Intelligent monitoring of fugitive emissions – comparison of continuous monitoring with intelligent analytics to other emissions monitoring technologies

Michelle J. Liu A * , Karren N. Izquierdo A and Dennis S. Prince A
+ Author Affiliations
- Author Affiliations

A Airdar Inc., Edmonton, AB, Canada.

* Correspondence to: michelle.liu@airdar.com

The APPEA Journal 62(1) 56-65 https://doi.org/10.1071/AJ21116
Submitted: 11 December 2021  Accepted: 21 February 2022   Published: 13 May 2022

© 2022 The Author(s) (or their employer(s)). Published by CSIRO Publishing on behalf of APPEA.

Abstract

Studies have shown that fugitive emissions are dominated by a small number of sources with extremely high emission rates, known as super-emitters. These super-emitters present an opportunity to significantly reduce emissions in a cost-effective manner if they are managed effectively. This requires the ability to detect, locate, and accurately measure emissions. However, the uncertain nature of fugitive emissions presents challenges to monitoring. Existing and emerging technologies enable emissions management with varying levels of success. This paper provides a practical comparison of several fugitive emissions monitoring technologies, including handheld gas detectors, optical gas imaging cameras, vehicle-based systems, satellites, aircraft, and unmanned aerial vehicles. These technologies provide periodic monitoring of a facility and are compared to continuous monitoring technologies that monitor emissions on a 24/7 basis using fixed sensors and advanced analytics to identify and track emission plumes. Continuous monitoring with intelligent analytics has demonstrated great potential in overcoming the challenges of monitoring fugitive emissions to reduce greenhouse gases and other problematic emissions. Features, capabilities, and limitations of these technologies are explored in the context of gas facilities, including their ability to detect intermittent sources, identify unsuspected and off-site sources, and quantify emissions. The range of monitoring for each technology and safety concerns associated with their use are discussed.

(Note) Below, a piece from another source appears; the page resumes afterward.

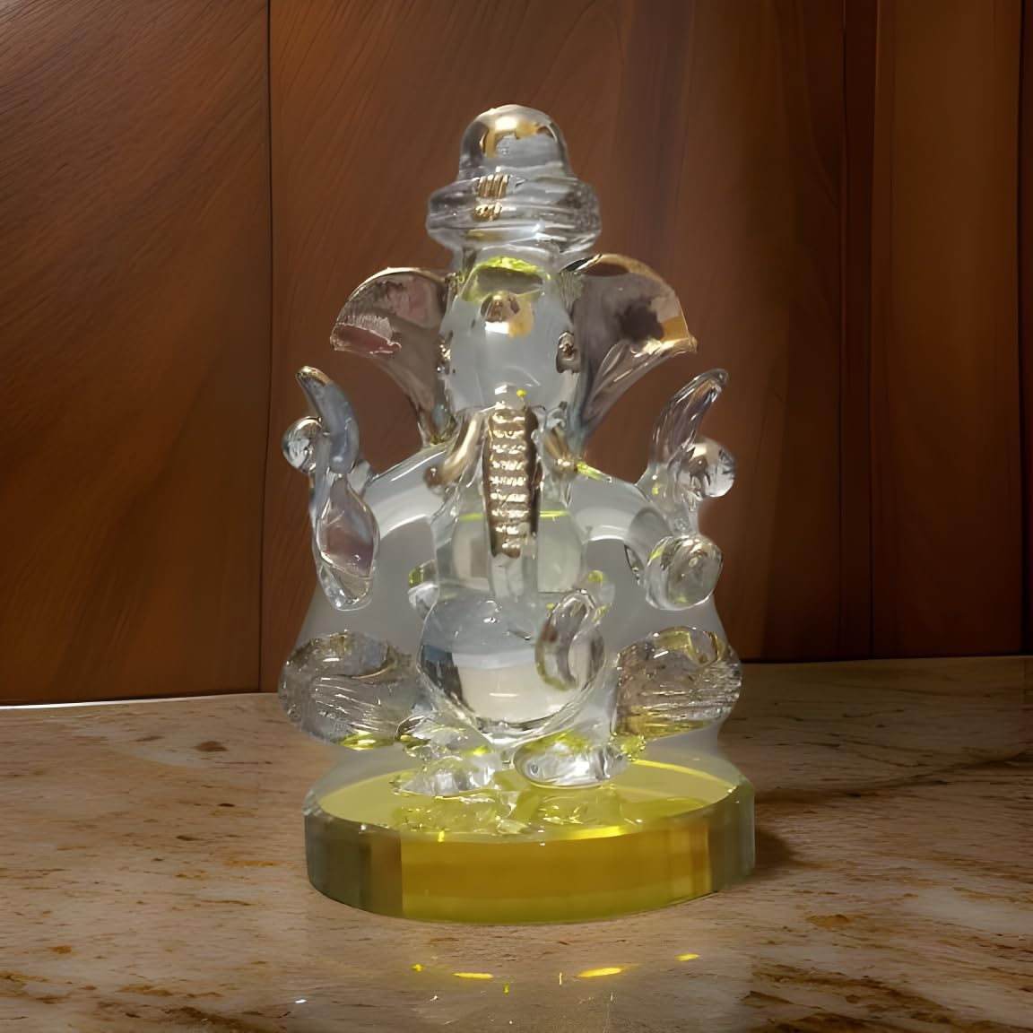 Hindu Gods : Ganesha Crystal Glass Idol for Home, Office and Car Dashboard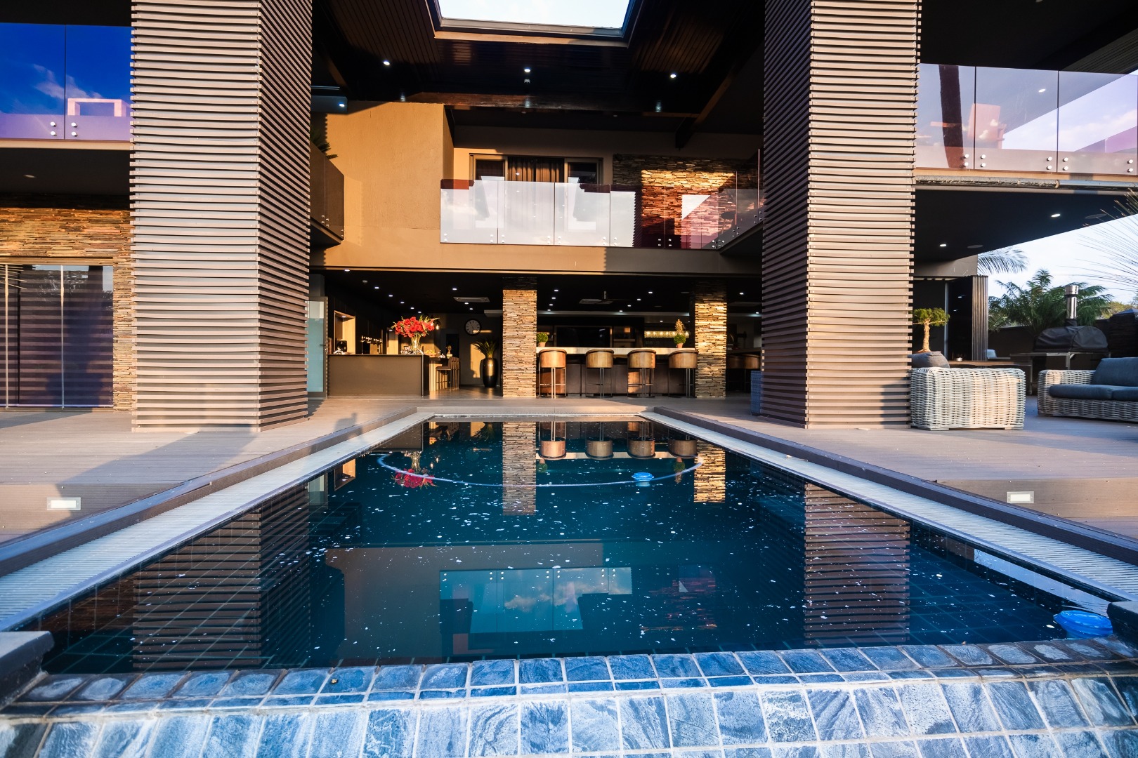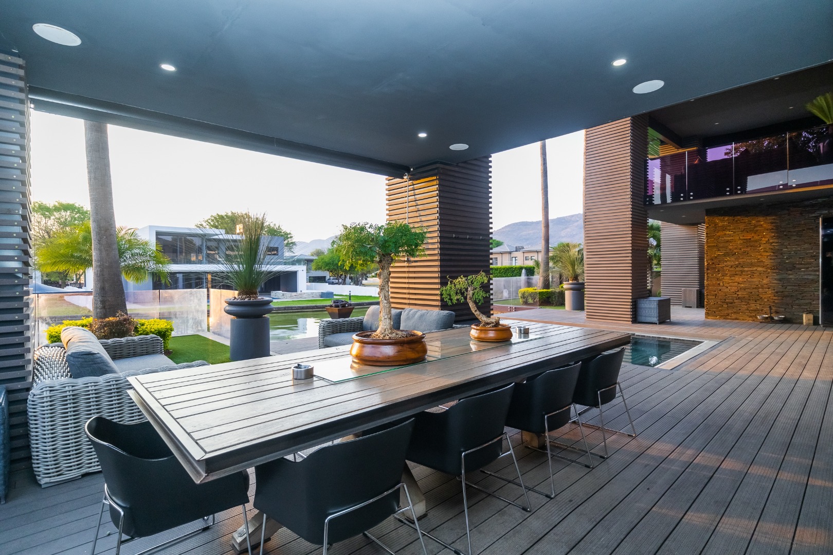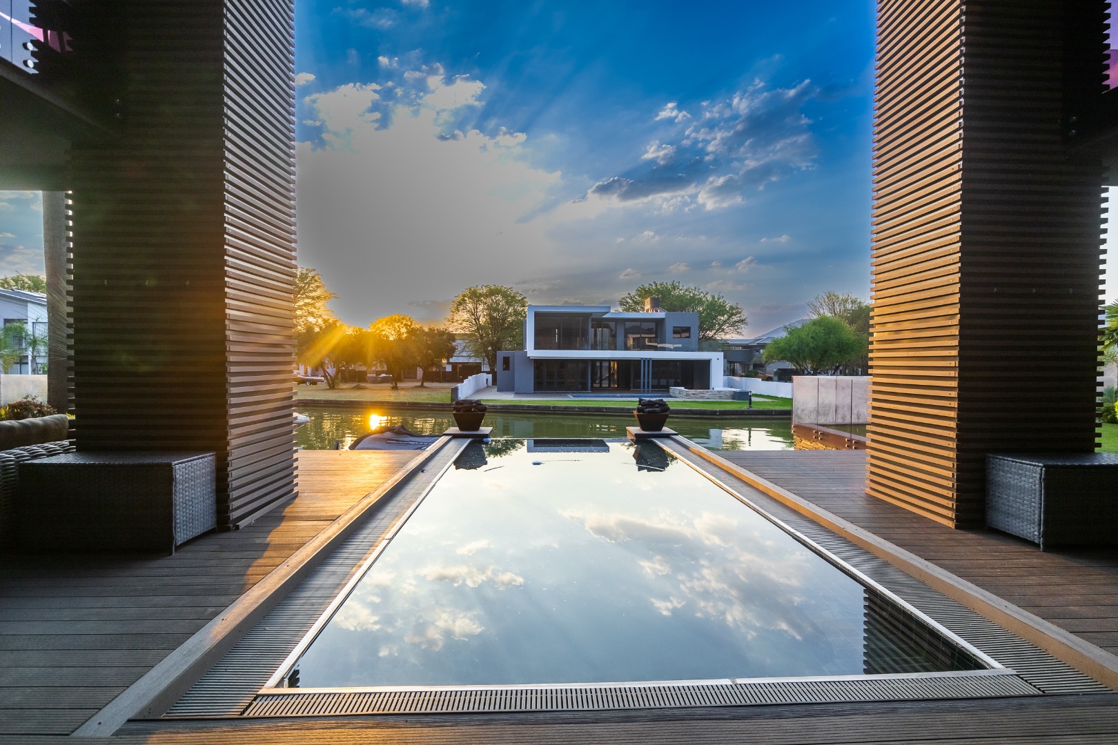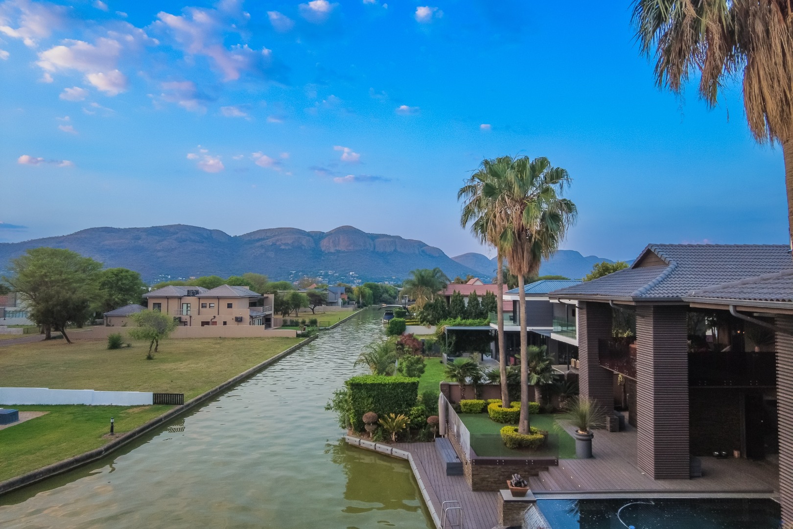 Experience refined elegance and sustainable luxury in this distinctive 5-bedroom masterpiece, perfectly positioned in the heart of The Islands Estate. This architectural triumph offers uninterrupted views of the shimmering canals and majestic mountain range, with expansive glass-fronted living spaces that welcome natural light and create a seamless flow between indoors and out. Multiple entertainment areas open onto a sophisticated wooden deck with an infinity pool that blends effortlessly into the horizon.

Keywords: continuous emissions monitoring, emissions management, fugitive emissions, greenhouse gas emissions, hydrogen sulfide, leak detection and repair, methane, super-emitters, VOCs.

Michelle Liu graduated with distinction from the University of Alberta with a Bachelor of Science in Chemical Engineering and is working towards her Master of Engineering at the University of Alberta. Michelle has experience working in both industrial and research settings and is currently an Engineer-in-Training and Data Analyst at Airdar Inc., applying data analytics to locate and quantify emissions. Michelle is a member of the Association of Professional Engineers and Geologists of Alberta (APEGA).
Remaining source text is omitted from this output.